ABOUT THIS EXERCISE: Search the listing below, and show each line that includes the word "gold".

EXERCISE MATERIAL:
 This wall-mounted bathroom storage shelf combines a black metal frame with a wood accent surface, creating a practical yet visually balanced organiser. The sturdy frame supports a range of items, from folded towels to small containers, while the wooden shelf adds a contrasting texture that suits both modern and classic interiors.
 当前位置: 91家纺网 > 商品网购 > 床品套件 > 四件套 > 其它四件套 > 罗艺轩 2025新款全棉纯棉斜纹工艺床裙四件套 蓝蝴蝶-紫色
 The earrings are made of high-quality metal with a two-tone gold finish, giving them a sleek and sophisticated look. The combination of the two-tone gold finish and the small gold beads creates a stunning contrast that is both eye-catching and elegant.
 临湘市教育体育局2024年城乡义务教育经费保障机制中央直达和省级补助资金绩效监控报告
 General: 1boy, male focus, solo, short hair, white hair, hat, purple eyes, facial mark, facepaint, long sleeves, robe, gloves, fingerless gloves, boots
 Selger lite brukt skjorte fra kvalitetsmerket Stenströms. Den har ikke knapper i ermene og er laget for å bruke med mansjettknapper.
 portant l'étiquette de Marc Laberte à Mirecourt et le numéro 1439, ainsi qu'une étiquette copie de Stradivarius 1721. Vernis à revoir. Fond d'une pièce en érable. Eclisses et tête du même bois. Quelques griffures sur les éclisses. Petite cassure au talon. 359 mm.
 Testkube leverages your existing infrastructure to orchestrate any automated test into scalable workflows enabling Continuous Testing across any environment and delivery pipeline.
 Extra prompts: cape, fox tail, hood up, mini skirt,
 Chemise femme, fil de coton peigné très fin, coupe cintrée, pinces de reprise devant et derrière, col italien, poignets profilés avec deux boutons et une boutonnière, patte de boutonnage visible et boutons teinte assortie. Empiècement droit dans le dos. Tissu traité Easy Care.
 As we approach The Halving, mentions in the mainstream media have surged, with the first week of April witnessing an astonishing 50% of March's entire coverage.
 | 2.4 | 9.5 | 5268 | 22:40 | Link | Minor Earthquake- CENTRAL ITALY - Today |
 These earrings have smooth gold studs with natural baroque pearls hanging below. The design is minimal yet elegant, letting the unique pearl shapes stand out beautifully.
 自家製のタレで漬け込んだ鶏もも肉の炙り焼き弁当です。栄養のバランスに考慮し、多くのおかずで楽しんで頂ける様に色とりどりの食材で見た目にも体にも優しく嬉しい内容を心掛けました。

SOLUTION BELOW:
 The earrings are made of high-quality metal with a two-tone gold finish, giving them a sleek and sophisticated look. The combination of the two-tone gold finish and the small gold beads creates a stunning contrast that is both eye-catching and elegant.
 These earrings have smooth gold studs with natural baroque pearls hanging below. The design is minimal yet elegant, letting the unique pearl shapes stand out beautifully.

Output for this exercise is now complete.